Reflections and next steps
The counterfactual resampling and next token is “C” experiments have shown some evidence that, in the context of giving the model a hint, the CoT is rationalised rather than used to generate the answer to the question.
However, it is unsurprising that the model recognises the visual pattern and uses it to realise that the answer could be “C”. What would be more interesting is the application of a similar test to a scenario with a simple question - one that a model could work out without any reasoning - and see if it knows the answer to the question before doing any reasoning. It would be interesting to find out at what prompt difficulty a model stops rationalising its CoT and starts using it for actual reasoning.
This was a productive task to explore what techniques could be used on a project such as this. While working on this article, I tried some different approaches that I haven’t included such as training a probe to recognise what MCQ answer the model was thinking of at different points of the CoT. I decided to use the most likely next MCQ option token instead of this as the probe was very noisy and didn’t offer much insight. Although the most likely next MCQ option token isn’t ideal either - the model has been finetuned to reason so it won’t have a high logit on MCQ options even if it does already know the answer to the question.
I need a better way of assessing the model’s MCQ option “confidence”. I would appreciate any suggestions!
How do the experiments relate to model efficiency?
In this article I have suggested that models sometimes rationalise a pre-conceived answer with their CoT rather than doing actual reasoning in it, meaning that sometimes what the model is saying in its CoT isn’t actually what it is doing to reach its answer. Sometimes the model is able to make a reasoning jump straight to the answer. Furthermore, in Figure 4 I showed that resampling the original CoT by removing different sentences can decrease the length of the CoT without changing the answer, suggesting that some sentences in the CoT are not vital for reasoning. This claim is explored in much more depth in Bogdan et al.
If some of the sentences (or the whole CoT) are not vital for reasoning, then models should learn to remove them from their CoT to allow them to hold more effective reasoning in their limited context to help them tackle more complex problems.
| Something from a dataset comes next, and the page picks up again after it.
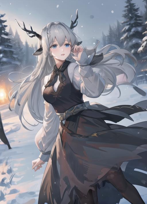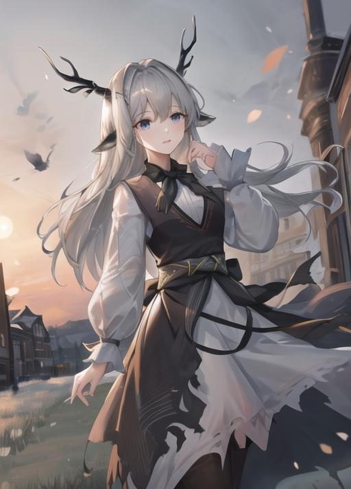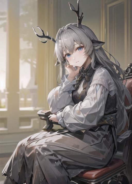 Model of Arknights Alina. Later I will adjust and show more example on this. Recommend 0.88 to 0.65 depends on your usage. There are still a two problems about this LORA such as the braid and hairclips doesn't work stable on this LORA. I would try to solve the problems. This character are better than the past characters I train as her material can be consider as many.

If models are able to drastically increase the size of the reasoning jumps (stop rationalising in the CoT and just reason) that they are able to take inside the CoT (for increased efficiency) then we won’t be able to use the CoT to monitor in enough detail what the model is doing for it to reach its answer.
We can already see these efficiency gains happening with frontier LLMs.
Part 2: Trends at the frontier
As models get more intelligent and are able to make bigger jumps without spelling out their reasoning, we will be unable to see what the model is doing to reach its answer in the CoT. We can see this improved reasoning efficiency trend by examining the efficiency gains made by recent frontier models.
Figure 7: SWE-bench accuracy of Opus 4.5 with effort controls low, medium, high compared to sonnet 4.5 (Opus 4.5 announcement)
In the Opus 4.5 announcement, we see that Opus 4.5 (a larger model) is able to match Sonnet 4.5’s performance on SWE-bench whilst using 76% fewer tokens. Both Opus 4.5 and Sonnet 4.5 are frontier models from Anthropic. Opus is larger and more token efficient meaning it is able to be more effective with the use of its reasoning, suggesting it is able to make larger reasoning jumps than Sonnet.
Latent space reasoning
Figure 8: Taken from Training Large Language Models to Reason in a Continuous Latent Space shows how in latent reasoning the last hidden states are used as input embeddings back into the model.
Latent reasoning (where reasoning is done solely in the activation space - no language reasoning) seems to be a promising research direction. The concept can be seen in Figure 8. Instead of outputting in English, the activations from the final hidden state are put through the model again as input embeddings for the next forward pass.
Maybe this could be seen as CoT efficiency at the limit. All reasoning jumps are done internally, with no need to reason in language for us to interpret how the model reached its answer.